A pedestrian walks past a “Hiring Now” sign in front of a U-Haul store on December 3, 2024 in San Rafael, California.
Justin Sullivan | Getty Images
After a month of hiring largely stalled by storms and strikes, Friday’s jobs report could provide a clearer picture of where the labor market is heading.
The U.S. Bureau of Labor Statistics is expected to report at 8:30 a.m. ET on Friday that nonfarm payrolls increased by 214,000 jobs in November, up from a meager 12,000 jobs in October. The month’s job growth data was the worst since December 2020.
One of the reasons that makes the report so critical is that it will be the last comprehensive report the Fed gets before its next policy meeting on December 17-18. There are strong bets that the Fed will approve another 25 percentage point rate cut, but that could change depending on how the jobs data performs.
“Well, it should be a pretty healthy number because it should bounce back from (October), when we had (Hurricane) Milton and the (Boeing strike),” said Casey Jones, chief fixed income strategist at the Schwab Center. Jobs are restricted.
In fact, October’s numbers may be higher after BLS investigators go back and re-examine October’s data. In the post-pandemic period, revisions to employment reports can sometimes be large.
That could muddy months of economic data and make the Fed’s job more challenging.
“I would expect it to go over 200,000, and if we do rebound, the risk could go up,” Jones said. “But I’m not sure the jobs report tells us much, because the weather can be a hit or miss. Does it really give us a clear view of the future, or does it just give us a more detailed view of the future? Do you know much?
Very important to the Fed
Now, it’s crucial for policymakers to get clarity from the Fed The recalibration of policy comes at a time when annual inflation is rising but slowing, with greater focus on the labor market.
With the exception of the October report, employment has been slowing since around April, with an average of about 128,000 new jobs per month, and the unemployment rate has risen to 4.1%. Fed policymakers want to lower the benchmark short-term borrowing rate to a more neutral level to balance concerns between inflation and employment.
“It’s definitely going to be noisy because the storms and strike disruptions will affect both months of data, both the month people were off the job and the month people returned to work the next month,” said Vinson, an economist at the Bank of New York. Reinhart He is a former Federal Reserve official who served in the Federal Reserve Board for 24 years.
“The Fed believes that slowing non-farm job growth in 2024 is basically on trend – the trend is towards just over 100,000 jobs per month – and that’s not alarming,” he added. “That’s actually not concerning.” It’s popular because, you know, the trend is sustainable.”
In fact, recent signs suggest the job market is stabilizing but not deteriorating.
labor market conditions
Weekly initial jobless claims have remained fairly steady around 220,000, although continuing claims in early November reached their highest level in about three years.
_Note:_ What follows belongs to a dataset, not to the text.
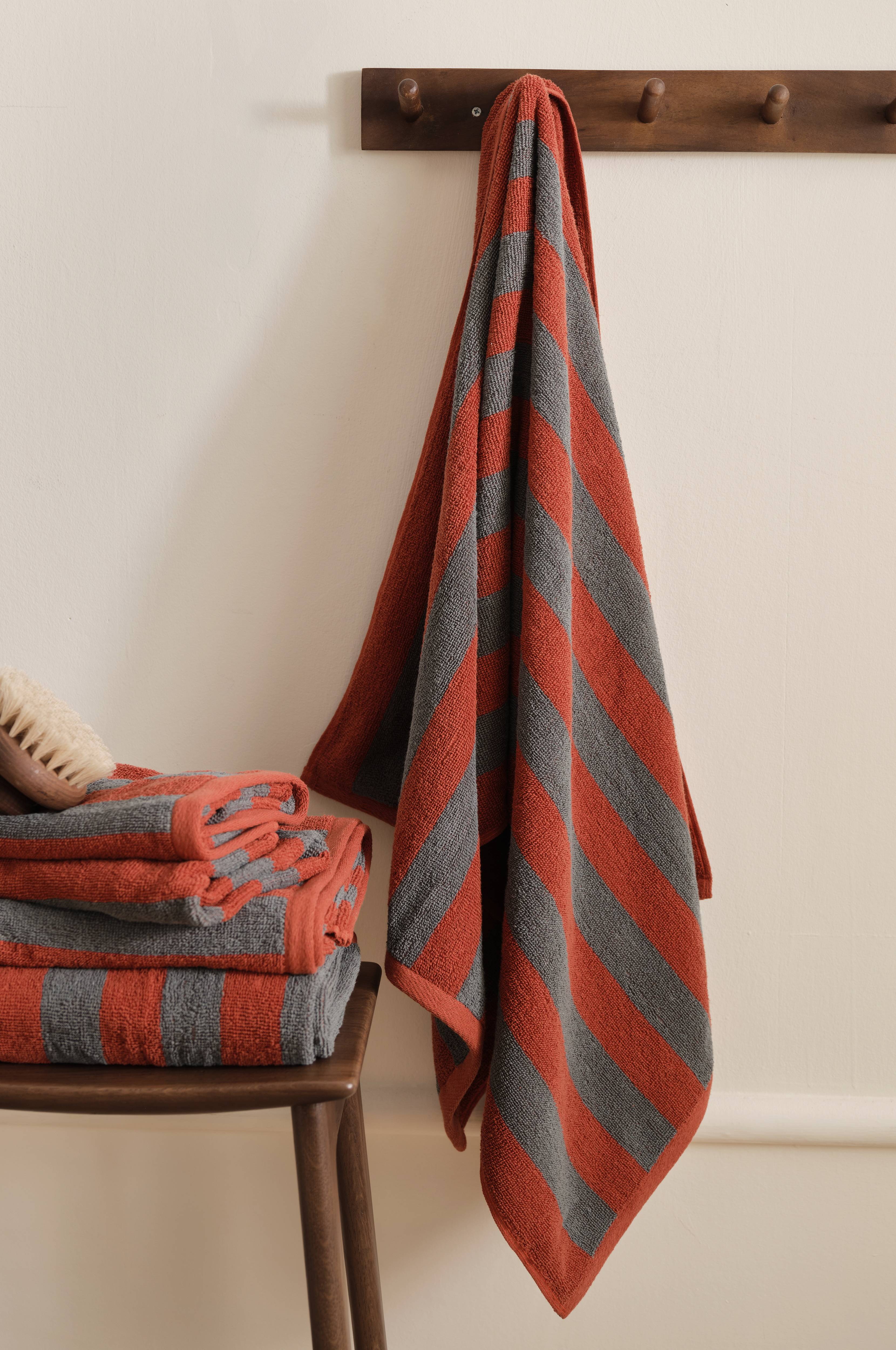 Badehåndklæde i blød og skøn bomuldsfrotté med garnfarvede striber. Str. 70x140 cm.
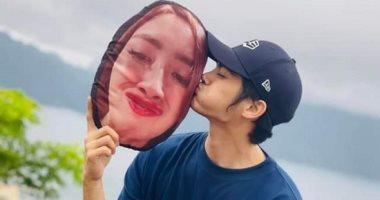 زوج يحمل وسادة عليها صورة زوجته خلال إجازته

Taken together, these numbers suggest that companies are not laying off large-scale layoffs or rehiring those who lost their jobs.
An economic report released by the Federal Reserve on Wednesday — its “Beige Book” summary of current conditions — described hiring as “suffering as worker turnover remains low and few companies report adding headcount. inhibit”. The report said the layoff rate was “low,” but employers were cautious about the pace of future hiring and more enthusiastic about entry-level and skilled workers.
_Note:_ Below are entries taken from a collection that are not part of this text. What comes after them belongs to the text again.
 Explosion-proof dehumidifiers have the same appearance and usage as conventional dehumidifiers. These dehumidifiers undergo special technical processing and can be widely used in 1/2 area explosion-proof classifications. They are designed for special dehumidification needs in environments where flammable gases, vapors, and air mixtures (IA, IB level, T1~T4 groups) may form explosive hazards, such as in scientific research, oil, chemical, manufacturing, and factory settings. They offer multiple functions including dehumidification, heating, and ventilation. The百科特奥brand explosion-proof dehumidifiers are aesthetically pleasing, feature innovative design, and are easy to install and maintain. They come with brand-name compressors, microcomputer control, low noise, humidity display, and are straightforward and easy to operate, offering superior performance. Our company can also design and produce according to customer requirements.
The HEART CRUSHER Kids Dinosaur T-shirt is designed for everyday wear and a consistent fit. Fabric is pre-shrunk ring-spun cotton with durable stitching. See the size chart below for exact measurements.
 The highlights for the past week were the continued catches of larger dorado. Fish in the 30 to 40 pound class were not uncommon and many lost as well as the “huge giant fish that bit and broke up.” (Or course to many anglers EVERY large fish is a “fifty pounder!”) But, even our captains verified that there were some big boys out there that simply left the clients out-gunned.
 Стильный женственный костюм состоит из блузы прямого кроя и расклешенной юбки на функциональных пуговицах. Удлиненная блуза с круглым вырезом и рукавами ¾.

The Fed must weigh all of these factors, plus concerns about rising inflation, when making interest rate decisions and laying out its outlook for the future.
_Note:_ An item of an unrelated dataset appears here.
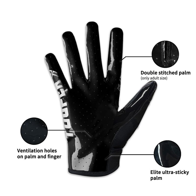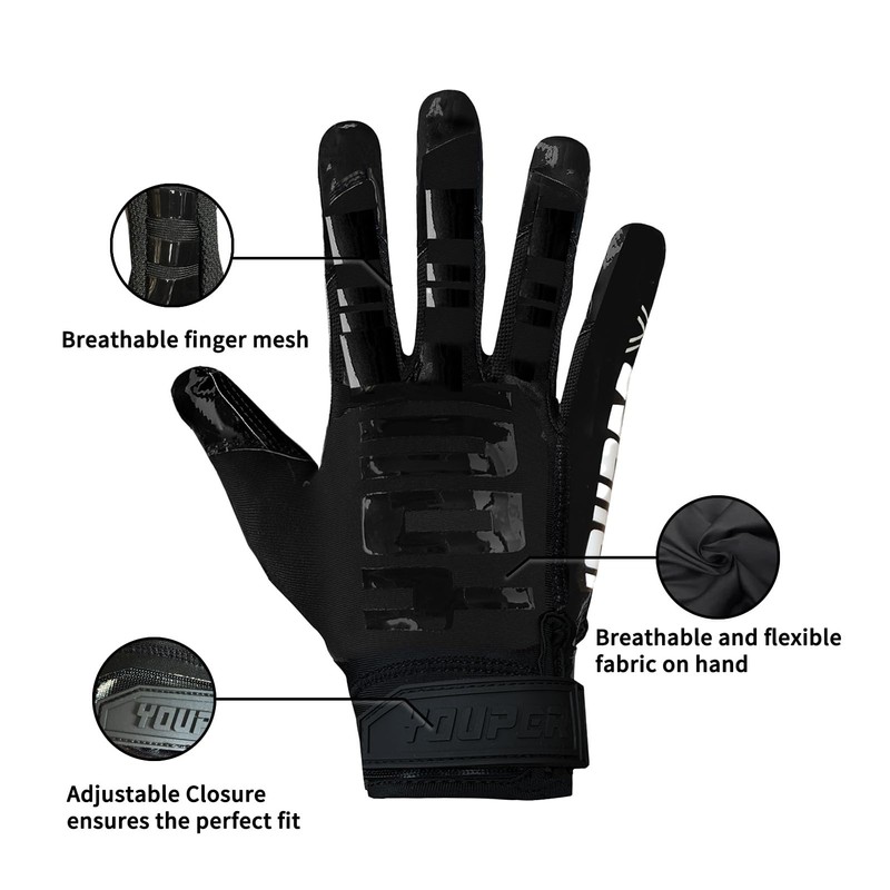 - Customizable Wrist Closure - The sticky football gloves features an adjustable wrist closure for a secure and personalized fit, giving players the confidence to make game-changing plays.
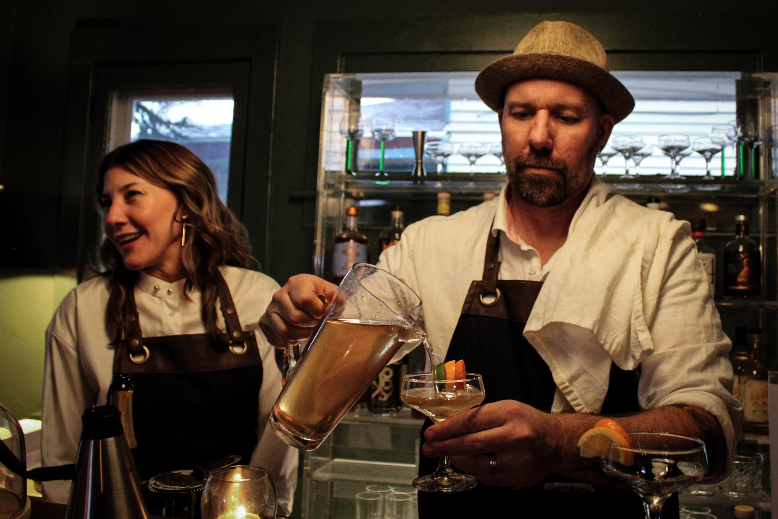 My favorite drink of the night was The J. Strang, which had a little kick and little spice — it was fun and gorgeous. I also think the Lyre’s spiced cane and mint tea dusted lime on top cleared my sinuses. As I watched Matthew make this drink, Kelly shared a funny childhood memory with me. Both Kelly and Matthew used to play bartender at their grandparents’ home, and the painting that hangs on the wall next to the bar belonged to their grandparents. I felt a sweet, full-circle moment within that story.

Reinhart said that if the labor market can remain stable, it should not put additional pressure on inflation. “So the strategy is, try to keep demand on trend, because if growth and demand are on trend, then you should keep the current state of the labor market, the labor market roughly in balance,” he added.
In addition to overall employment growth, the unemployment rate is expected to rise to 4.2% as the workforce re-enters the labor market starting in October. In addition, average hourly earnings are expected to increase by 0.3% from last month and 3.9% from the previous month, both of which are slightly lower than last month.